Today, Michael O'Donnell gleaned this insight:

> I believe I recall my manager at a previous company
> telling me that she had previously worked with the guy
> who invented that tricky method of using a 2D grid
> of printed dots to encode data, as employed by UPS
> (among others?) to track packages.  I think she told
> me that the technology was surprisingly sophisticated
> and that it involved (among other things) doing
> FFTs on a sample of reflected light gathered from
> the dot array.  The resultant transform is somehow
> (after other tricky steps) reliably mapped to a long
> string of digits with good error detection/correction
> characteristics, and it apparently doesn't care much
> about the orientation of the scanning wand, either.

Up to here, you're perfectly correct.  It was a technology invented by UPS
(or by someone they paid perhaps) specifically for this type of thing.


> If I had to bet, it would be that you're unlikely to
> find anything nonproprietary that will help you work
> with such codes, though I'd be happy to learn that
> I'm wrong.   Happy hunting...

In theory, that shouldn't be true.  UPS released the specification of this
form of encoding (called UPS-code previously) into the public domain, with
hopes that it would be adopted as a world-wide standard for data encoding.

However, like Beta-Max, just because it's better doesn't mean it will gain
widespread acceptance.  I've yet to see it used anywhere else; though
given the origin of this thread I'd bet someone is using it.  

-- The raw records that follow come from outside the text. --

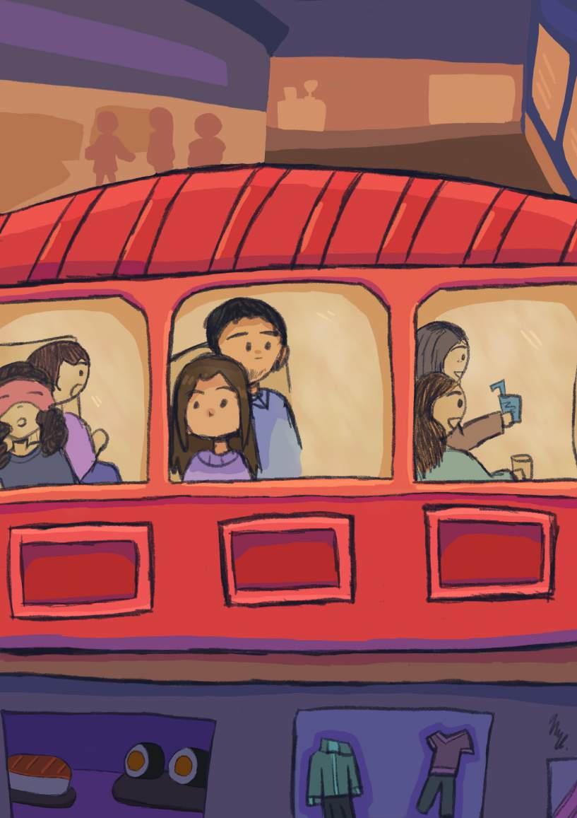 i lie in the back of the little red train, dreaming that i am six, leaning in against father’s shoulder as we trudge around shopping malls.
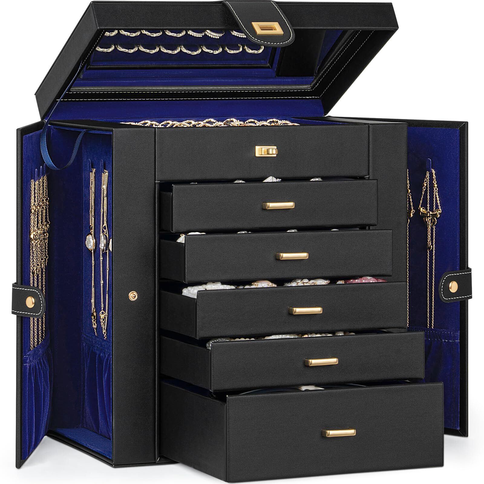 AKOZLIN 大容量 ジュエリーボックス 6段式 アクセサリー 収納 鏡付き 5段引き出し 小物入れ ネックレス ピアス 指輪 イヤリング 腕時計 収納 XL-30×17×32cm ブラック&ブルー
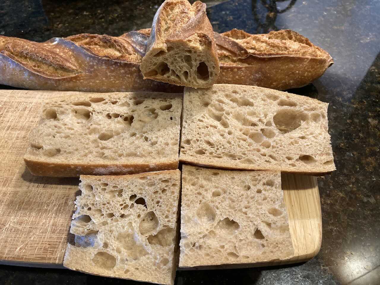 I've been busy lately between toying around with ciabatta and a bunch of batards, add the out of town stint to that, and it was a "while" since I last traversed the Baguette Trail, and it felt like "home". At 310g each, they are on the slimmer end of the spectrum for me, any lower would be ficelles. And after numerous prior bakes, I broke out a new corner of my double edged razor blade for the occasion. Whoopee.
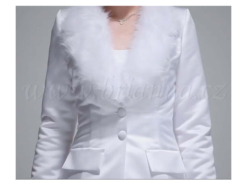 › Svadobné kožúšky a svetre › Saténový svadobný kabát - biely: B-608, veľ. S
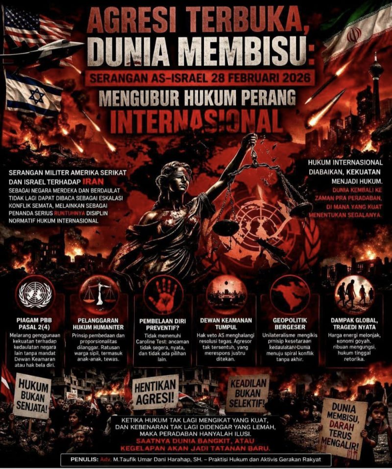 Serangan militer Amerika Serikat dan Israel terhadap Iran sebagai negara yang merdeka dan berdaulat pada 28 Februari 2026 tidak lagi dapat dibaca sebagai eskalasi konflik semata, melainkan sebagai penanda serius runtuhnya disiplin normatif hukum internasional yang sejak Perang Dunia II dijaga melalui Piagam Perserikatan Bangsa-Bangsa, khususnya prinsip larangan penggunaan kekuatan tanpa legitimasi kolektif; ketika norma tersebut dilanggar secara terbuka tanpa konsekuensi hukum yang tegas, dunia seakan diseret mundur ke fase praperadaban, dimana relasi antar negara ditentukan oleh superioritas militer, bukan supremasi hukum, sementara mekanisme global kehilangan daya paksa akibat dominasi kepentingan politik negara kuat; dalam konteks ini, hukum internasional tidak sekadar melemah, tetapi mengalami delegitimasi struktural—berubah dari sistem yang mengikat menjadi sekadar simbol moral yang mudah diabaikan—sehingga praktik kekuasaan yang brutal, arogan, ugal-ugalan dan nir-akuntabilitas menemukan ruang legitimasi baru, memperlihatkan bahwa tanpa pembaruan yang serius dan keberanian kolektif untuk menegakkan keadilan, tatanan hukum global hanya akan menjadi retorika kosong di hadapan ambisi dan syahwat dari hegemonik negara adidaya.

As to where to find out more about this form of data encoding, I haven't a
clue, other than to suggest perhaps you should contact UPS.  I'm sure
someone there will be able to help you, if you can get past the waves of
drones who know nothing about technology.


-- 
You know that everytime I try to go where I really want to be,
It's already where I am, cuz I'm already there...
---------------------------------------------------------------
Derek D. Martin              |  Unix/Linux Geek
[EMAIL PROTECTED] |  [EMAIL PROTECTED]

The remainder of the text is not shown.